When I go into mobile network settings and turn on LTE only, the signal bars go gray and an X appears. I'm assuming his means its can't find an LTE signal.

I then went into my About Phone area noticed something happened with the radio. Took a screen shot...









Reflashed the radio... And still no LTE and I still have 3G with no bars. Or, atleast, they're gray.

Unroot, stock, VZW store?


----------



## nocoast (Oct 17, 2011)

your 906w_2 is missing. You need to flash BOTH radios from the same set...so no you did not fry your radio, you just flashed things improperly...(again this is a diagnosis using the info you've given me...I doubt its a hardware failure) Additionally, your green bars are lit up bro...


----------



## brajonrondo (Jul 23, 2011)

I think nocoast is right and to add to that there was a data outage yesterday here in Seattle that may have been in other places as well, but as of now the network is back up and running and I am getting those 20mbps speeds I haven't seen since June


----------



## gfro9191 (Jul 25, 2011)

nocoast said:


> your 906w_2 is missing.
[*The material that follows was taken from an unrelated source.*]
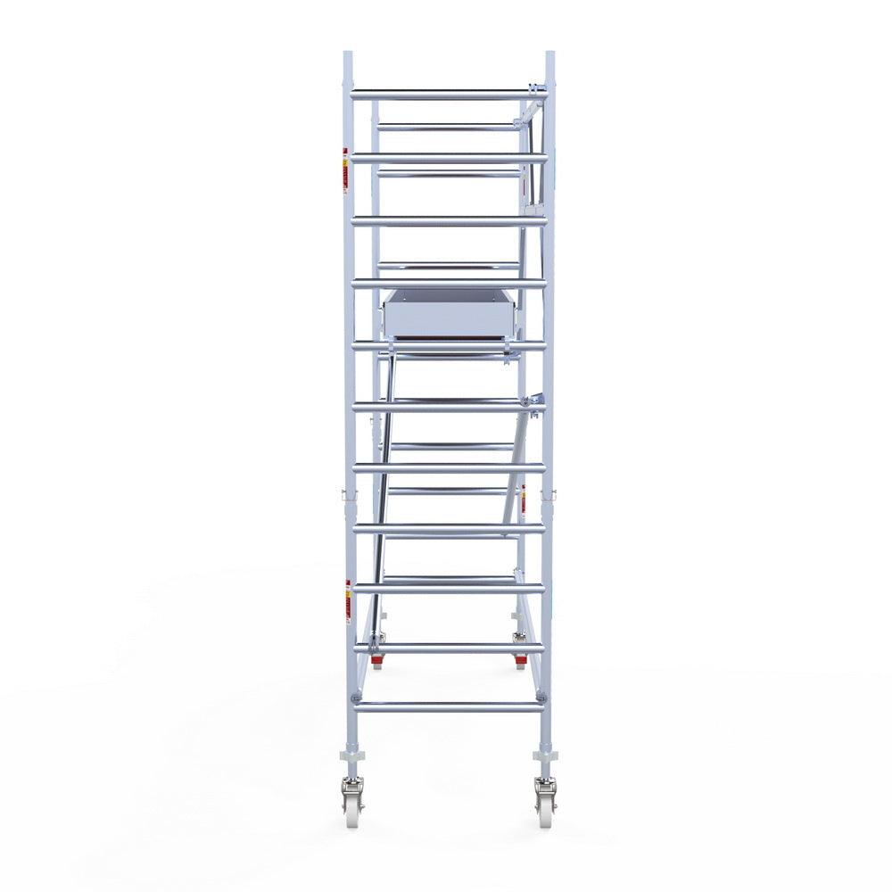 Unsere Rollgerüste sind in verschiedenen Breiten erhältlich, typischerweise 75 cm, 90 cm und 135 cm, abhängig vom jeweiligen Modell und der Produktlinie (semi-professionell oder professionell). Die 75 cm Breite ist ideal für beengte Räume, während 135 cm maximale Arbeitsfläche bietet.
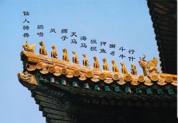 【中國.清朝】太和殿上的小兽在中国古建筑的岔脊上都装饰有一些小兽, 这些小兽排列有着严格的规定,按照建筑等级的高低而有数量的不同,全中国最多的是故宫太和殿上的装饰(共有10个)。这在中国宫殿建筑史上是

You need to flash BOTH radios from the same set...so no you did not fry your radio, you just flashed things improperly...(again this is a diagnosis using the info you've given me...I doubt its a hardware failure) Additionally, your green bars are lit up bro...


This would be true if I wasn't getting 4G 2 days ago. I was getting 4G until yesterday which is when I took that screenshot. That was taken before I reflashed both radios. I was getting green bars before I reflashed the radio, but since then I haven't. I reflashed it and it looks like this now...


----------



## gfro9191 (Jul 25, 2011)

brajonrondo said:


> I think nocoast is right and to add to that there was a data outage yesterday here in Seattle that may have been in other places as well, but as of now the network is back up and running and I am getting those 20mbps speeds I haven't seen since June


I don't know. Maybe 4G is out in my area.


----------



## elliott35 (Jul 17, 2011)

I would say reflash everything and maybe try an older version of the radio... Also get a different kernel lol


----------



## gfro9191 (Jul 25, 2011)

elliott35 said:


> I would say reflash everything and maybe try an older version of the radio... Also get a different kernel lol


Definitely going to try an older radio.

I think its hardware because I use bootmanager and switched to Sense with the same result.


----------



## elliott35 (Jul 17, 2011)

I dont think you killed the radio hardware that would be really hard to do if not impossible


----------



## gfro9191 (Jul 25, 2011)

elliott35 said:


> I dont think you killed the radio hardware that would be really hard to do if not impossible


But there's no 4G! And I have the correct radios as you can see ffrom previous screenshots ^^^^

About to go to a Verizon store to see it their thunderbolt has 4G.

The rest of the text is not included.